Sí, amanece lento, y parece que por todas las chimeneas ha comenzado a salir un humo quedo que se remansa en las tejas, lamiendo la escarcha. Los gallos pregonan su chulesca presencia y el pueblo despierta. Las puertas carretales se van abriendo y la aguijada guía la salida del carro. Los primeros rayos de sol brillan en la paja del trullado que envuelve a las tapias suavizando sus aristas. La niebla se resiste, agarrándose a las paredes como tela de araña desgajada.  El ganado va saliendo de las casas, incorporándose al rebaño comunal que el pastor lleva a los pastos. La luz va dando a todo volumen y color. Huele a lumbre de sarmiento y a vida. Sí, el pueblo vive.   
 
Estas casas sustituyeron a otras más sencillas, de solo una planta, pegadas al suelo, con tejados de paja entre la que escapaba el humo que arropaba a hombres y animales. Aquellas desaparecieron y estas desaparecerán, sin dejar rastro, humildemente incorporadas a la tierra, como humildemente estuvieron incorporadas al paisaje. Quizás no pueda decirse lo mismo de la – se me antoja – incongruente realidad que ahora las reemplaza. A la armonía de rojos y ocres le van saliendo escaras de colores industriales, texturas ajenas y volúmenes inconexos.

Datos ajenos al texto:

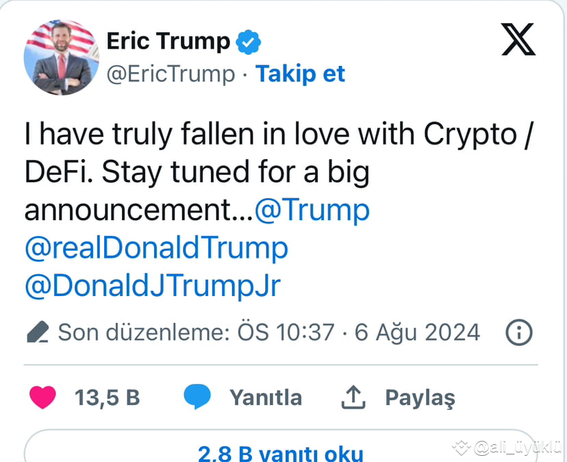 ”Jag har verkligen blivit kär i krypto [och decentraliserad finans (DeFi)],” skrev Eric Trump på X. ”Håll utkik efter ett stort tillkännagivande.”

 Yo me arrimo a este inusitado abuelo que marcha hacia el Órbigo, a regar su quiñón, al paso sin prisa de su borrico. Me cobijo en su palabra, en su acento que me sabe a otro tiempo. Él y yo caminamos hacia la sombra, apresuradamente, al paso quedo del borrico, entre los campos de verdes nacientes, a la espera del sol que los haga pan.